Taxation exceptionnelle des plus grosses entreprises

Les entreprises dont le chiffre d’affaires dépasse un milliard d’euros en 2024 paieront un complément exceptionnel d’impôts sur leurs bénéfices. Selon Antoine Armand, le ministre de l’Économie, « 440 groupes » sont concernés par la mesure qui passera par un relèvement de l’impôt sur les sociétés. Actuellement fixé à 25 %, il passera à 36 % en 2025 pour les entreprises dont le chiffre d’affaires est supérieur à trois milliards d’euros et à 30 % pour celles dont le chiffre d’affaires oscille entre un et trois milliards d’euros. En 2026, ces taux seront réduits respectivement à 30 % et 28 %.

Cette taxation exceptionnelle devrait rapporter 8 milliards d’euros de recettes en 2025 et 4 milliards d’euros en 2026. Par ailleurs, une taxe sur le rachat d’actions sera instaurée pour « mettre à contribution les entreprises ayant un recours croissant à cette pratique leur permettant de distribuer une partie de leur excès de trésorerie à leurs actionnaires ». Là encore, seules les entreprises dont le chiffre d’affaires est supérieur à un milliard d’euros sont concernées. Le gouvernement compte sur cette mesure pour faire entrer 200 millions d’euros dans ses caisses en 2025.

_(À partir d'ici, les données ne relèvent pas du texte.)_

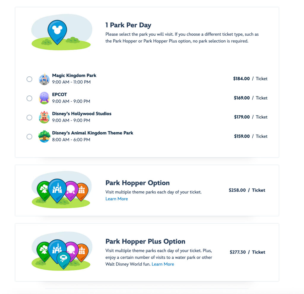 Unlike the California resort, where we can share the pricing structure with you in one, easy-to-digest chart, Walt Disney World uses a labyrinthine pricing structure, where the cost of a ticket is based on which park(s) you’ve visiting, how many days you’re staying, and what day you plan to first use your ticket. Without getting into 100 different pricing scenarios, we’re going to present the ranges you can expect to pay for your visit, based on ticket type.

Enfin, une taxation exceptionnelle des entreprises du fret maritime est également prévue pour celles dont le chiffre d’affaires dépasse un milliard d’euros.

Des aides réduites ou retardées pour les entreprises

La diminution de la cotisation sur la valeur ajoutée des entreprises (CVAE) est reportée. Elle devrait reprendre dans trois ans. L’objectif est de conserver 1,1 milliard d’euros de recettes en 2025. Laurent Saint-Martin, le ministre du Budget, a promis une réforme des « aides aux entreprises » et notamment des « allègements généraux de cotisations pour inciter les employeurs à rehausser les salaires les plus bas ».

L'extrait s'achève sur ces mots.